The whole science of the evolution of man and the other animals is intimately connected with the question of the nature of species, or with the problem of the origin of the various animals which we group together under the name of species. Thus the definition of the species becomes important. It is well known that this definition was given by Linné, who, in his famous Systema Naturæ (1735), was the first to classify and name the various groups of animals and plants, and drew up an orderly scheme of the species then known. Since that time “species” has been the most important and indispensable idea in descriptive natural history, in zoological and botanical classification; although there have been endless controversies as to its real meaning.

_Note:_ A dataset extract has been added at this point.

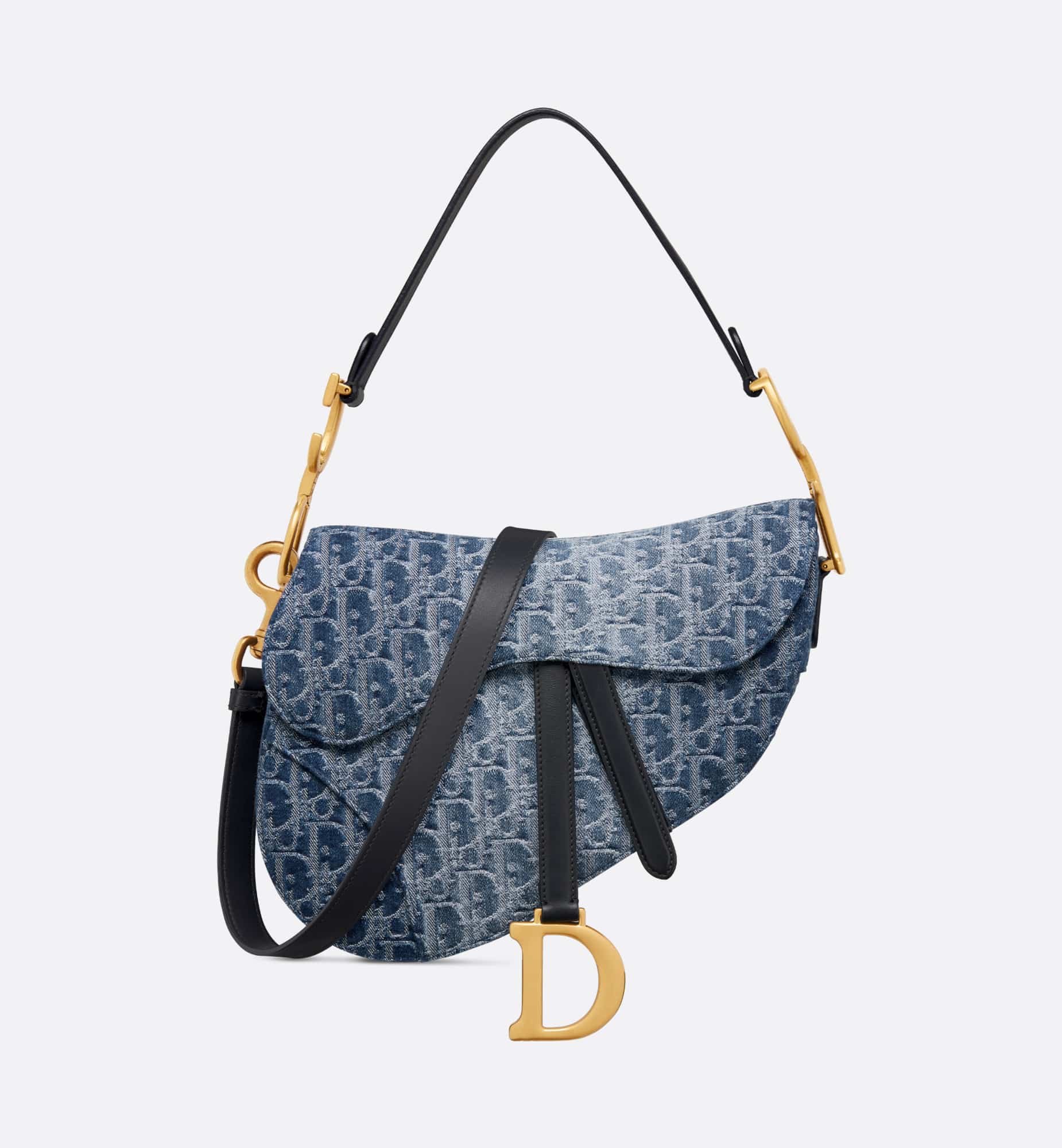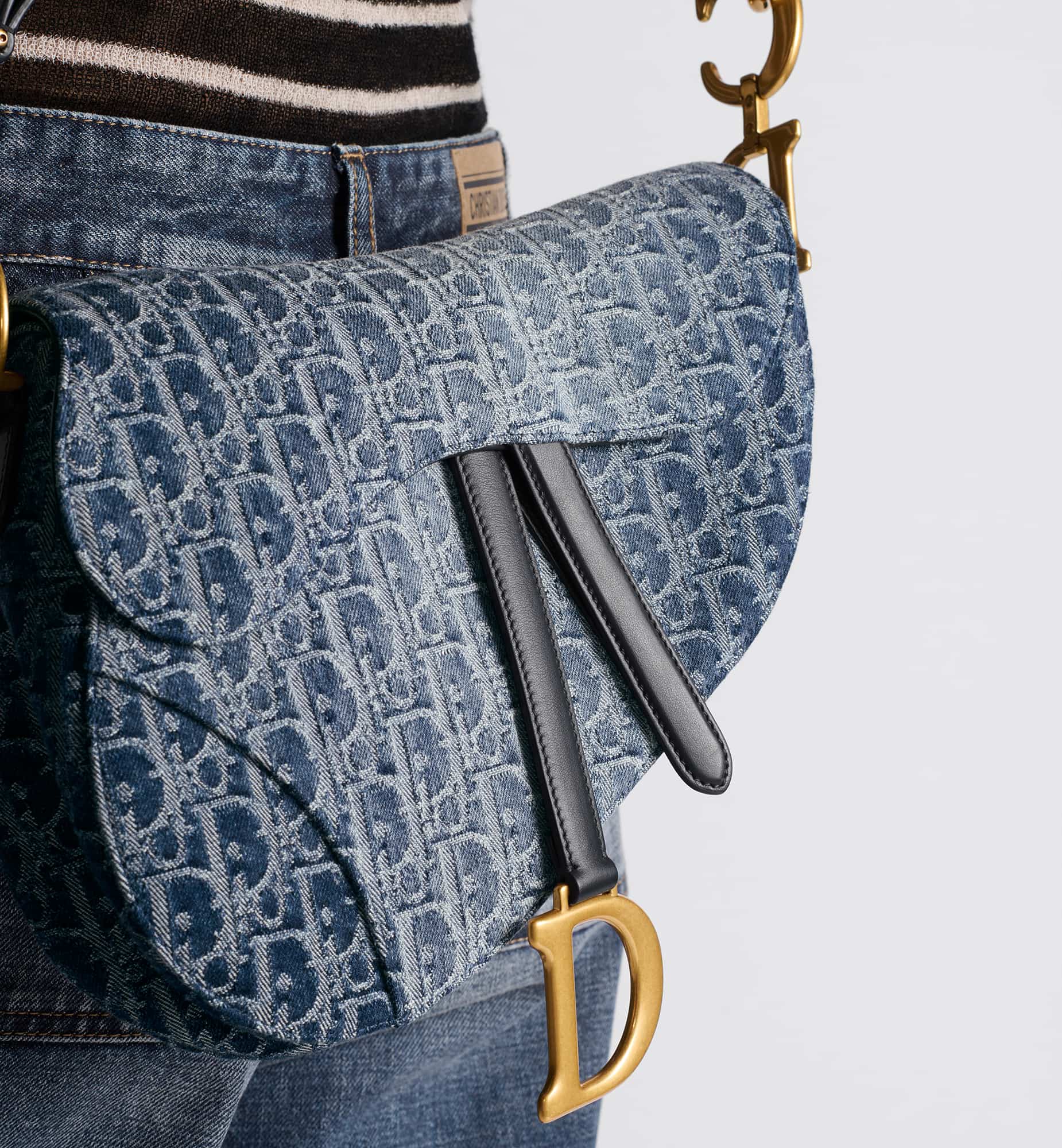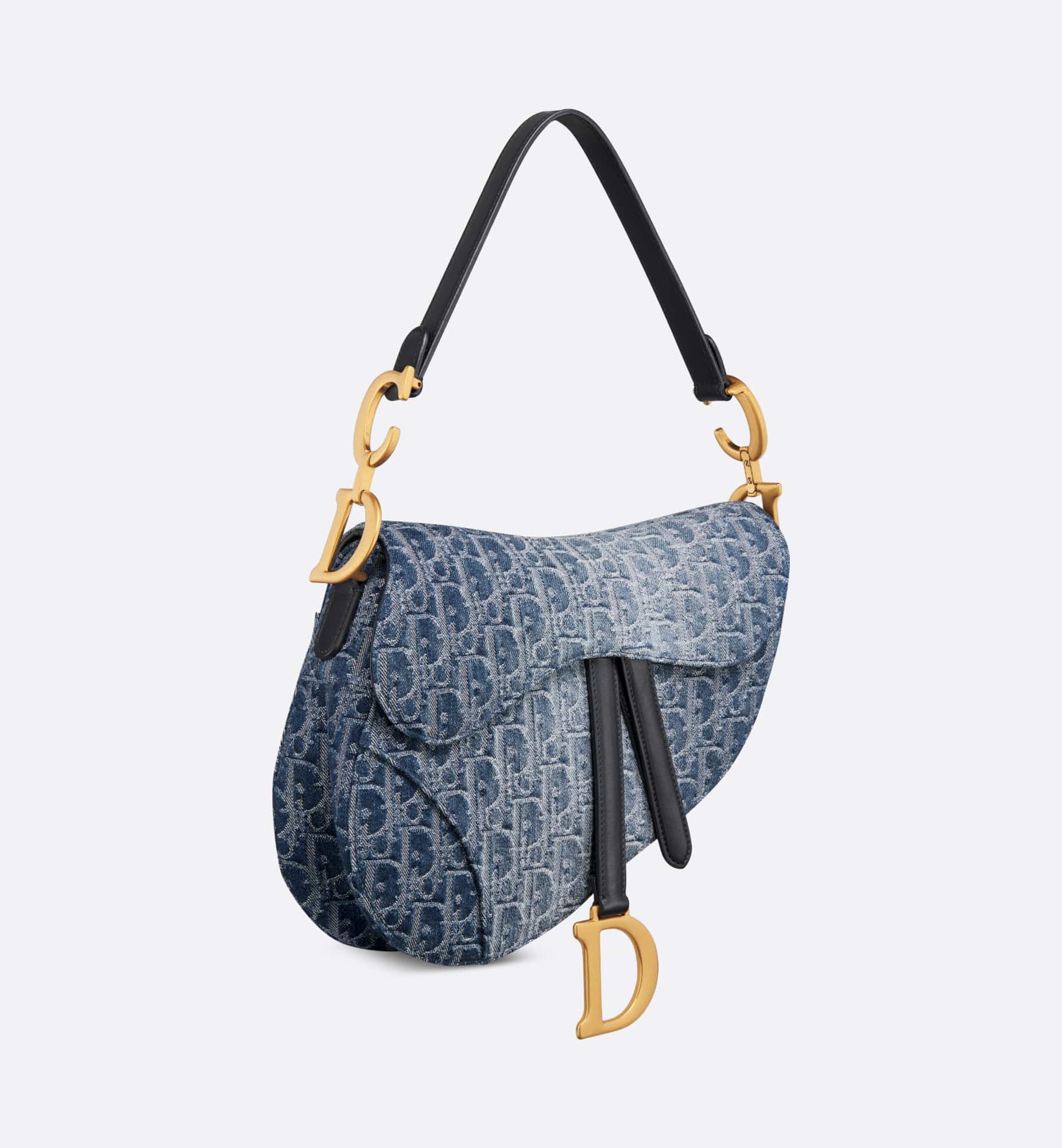 Maria Grazia Chiuri gives a fresh update to the iconic Saddle bag. The blue style is constructed in Denim Dior Oblique jacquard, offering a new take on the iconic House motif with the modern appeal of an irregular stonewashed effect. Its legendary design features a Saddle flap with a D stirrup strap and magnetic pull, as well as an antique gold-finish metal CD signature on either side of the handle. Equipped with a thin strap that is both adjustable and removable, the Saddle bag can be carried by hand, worn over the shoulder or crossbody.

What, then, is this “organic species”? Linné himself appealed directly to the Mosaic narrative; he believed that, as it is stated in Genesis, one pair of each species of animals and plants was created in the beginning, and that all the individuals of each species are the descendants of these created couples. As for the hermaphrodites (organisms that have male and female organs in one being), he thought it sufficed to assume the creation of one sole individual, since this would be fully competent to propagate its species. Further developing these mystic ideas, Linné went on to borrow from Genesis the account of the deluge and of Noah’s ark as a ground for a science of the geographical and topographical distribution of organisms. He accepted the story that all the plants, animals, and men on the earth were swept away in a universal deluge, except the couples preserved with Noah in the ark, and ultimately landed on Mount Ararat. This mountain seemed to Linné particularly suitable for the landing, as it reaches a height of more than 16,000 feet, and thus provides in its higher zones the several climates demanded by the various species of animals and plants: the animals that were accustomed to a cold climate could remain at the summit; those used to a warm climate could descend to the foot; and those requiring a temperate climate could remain half-way down. From this point the re-population of the earth with animals and plants could proceed.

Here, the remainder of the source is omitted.